In this step you will source the Tcl file of the pendulum model.

  1. Start a new MotionView session.
  2. In the menu bar, click View > Tcl Console.


    Figure 1.
    A TkCon window will open at the bottom of the screen.


    Figure 2.
  3. Type the cd command to change the directory to the current <working directory>.
  4. Type the command source pendulum.tcl to invoke a Tcl script.
    This will build the complete model by sequentially running the commands in the file line by line.

Register the Tcl in the Preference File

In this step you will learn how to register the Tcl file as a Preference File in MotionView.

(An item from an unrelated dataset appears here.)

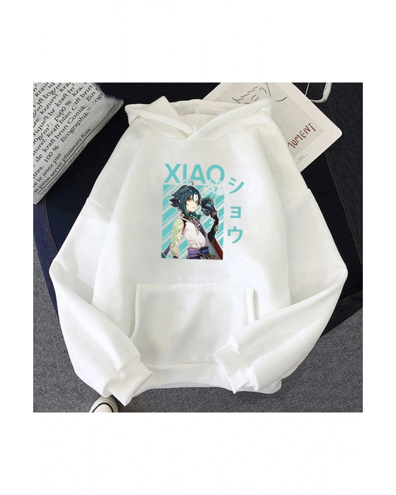 Beyaz Genshin darbe Xiao serinsıcak oyun Hoodies kanguru artı boyutu tişör
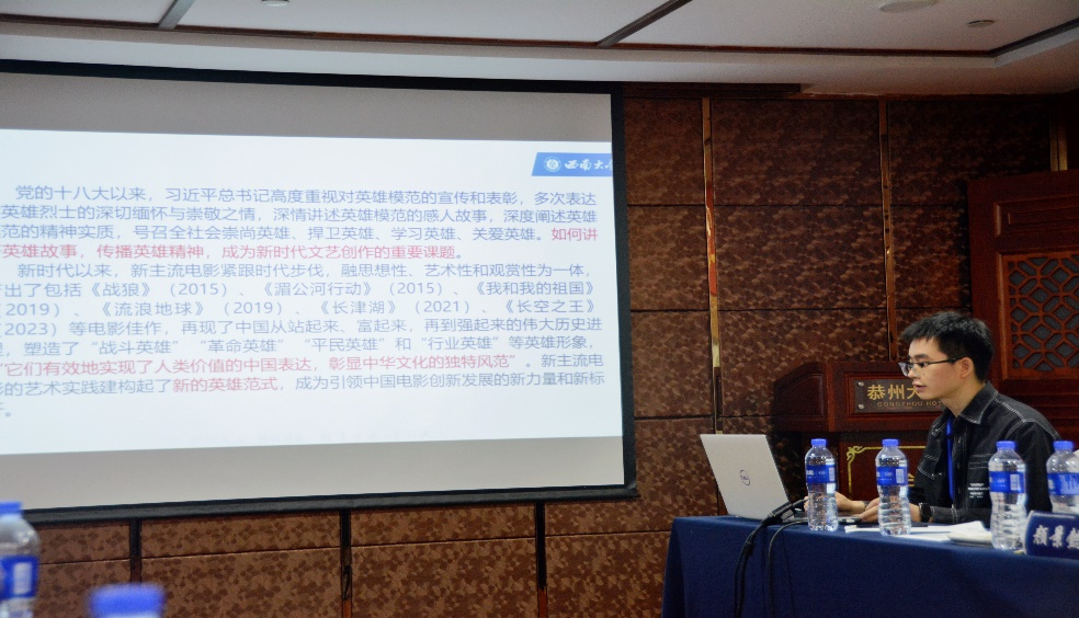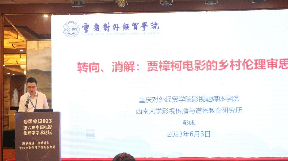 我校教师在论坛过程中与参会嘉宾深入交流,分享了影视传媒学术研究、影视跨文化传播等发展建设经验,得到与会人员的高度肯定。彭成副教授主持了“中国电影伦理学的批评范式与学理进路”分论坛,并以《转向、消解:贾樟柯电影的乡村伦理审思》为题介绍了乡村振兴背景下乡村和故人影像纪录、离乡和往事空间交替,以及发生对话关系,实现转向与演进、反思与消解。田鹏发言《新主流电影中人民英雄叙事的伦理表达》,探讨新主流电影在塑造人民英雄时,摆脱刻板模式,嵌入了大众伦理和普世人性,融注了真实情感,使得英雄更趋真实、更接地气。

  1. Open a text editor with a new file.
  2. Write the following statements:
    *Id("HyperWorks vXX.X")

    *BeginModelDefaults()

    *BeginMenu(scripts, "My Scripts")

    *MenuItem(flexprep, "Build Simple Pendulum", Tcl, "<workingdirectory>/pendulum.tcl")

    *EndMenu()

    *EndModelDefaults()

    Note: If necessary, replace <working_directory> with the actual path on your machine to the working directory, using forward slashes for the path.
    Note: Please refer to online help if you need to know more about the syntax.
  3. Save the file as mypreference.mvw in your <working directory>.
  4. Start a new MotionView session.
  5. On the menu bar, click File > Load > Preference File.
  6. In the Preferences dialog, click Register.


    Figure 3.
  7. Choose the mypreference.mvw file.
    This will add the new preference to the list.
  8. Select the new preference and click Load. Then close the session.
  9. Start a new session.
    In the modeling client, you should see a new menu item called My Scripts. This will be available every time to open a MotionView session as long as you have the preference file registered.
  10. Click My Scripts > Build Simple Pendulum. Then run the script.
    The complete script is given below for your reference:
    ## Macro to Build a Simple Model in MotionView ##
    ## Requesting for the Handles required to Use MotionView ##
    hwi OpenStack
    hwi GetSessionHandle sess
    sess GetProjectHandle proj
    proj GetPageHandle page [proj GetActivePage]
    page GetWindowHandle win [page GetActiveWindow]
    win GetClientHandle mc
    win GetViewControlHandle vch
    mc CreateBlankModel
    mc GetModelHandle m
    ## Building the Model using the InterpretEntity statements ##
    m InterpretEntity p Point p_0 "\"Pivot\""
    m InterpretSet SetPoint p_0 0.0 0.0 0.0
    p ReleaseHandle
    m InterpretEntity p Point p_1 "\"Mass\""
    m InterpretSet SetPoint p_1 p_0.x+100 p_0.y p_0.z
    p ReleaseHandle
    m InterpretEntity b Body b_0 "\"Pendulum\"" p_1
    m InterpretSet SetBodyInertia b_0 0.5 100 100 100
    m InterpretSet SetOrientation b_0.cm TWOAXES ZX
    b ReleaseHandle
    ## Adding graphics to the pendulum and the Ground to improve result
    visualization
    m InterpretEntity g Graphic gra_0 "\"Graphic_Pivot\"" CYLINDER
    B_Ground p_0 V_Global_Y 1 1 10 -5 CAPBOTH
    g ReleaseHandle
    m InterpretEntity g Graphic gra_1 "\"Graphic_Pendulum_Cylinder\""
    CYLINDER b_0 p_0 p_1 1 CAPBOTH
    g ReleaseHandle
    m InterpretEntity g Graphic gra_2 "\"GraphicMass_Cylinder\"" CYLINDER
    b_0 p_1 V_Global_Y 5 5 3 -2 CAPBOTH
    g ReleaseHandle
    ## Adding the Revolute joint between the Ground and the pendulum body
    m InterpretEntity j RevJoint j_0 "\"Joint_Pivot_Rev\"" B_Ground b_0
    p_0 V_Global_Y
    j ReleaseHandle
    m Evaluate
    vch Fit
    after 1000
    ## Running the Model ##
    mc ExportModel simple_pendu.xml
    mc RunSolverScript simple_pendu.xml
    ## Releasing All the Handles
    m ReleaseHandle;
    mc ReleaseHandle;
    win ReleaseHandle;
    page ReleaseHandle;
    proj ReleaseHandle;
    sess ReleaseHandle;
    hwi CloseStack;
    ## End of Script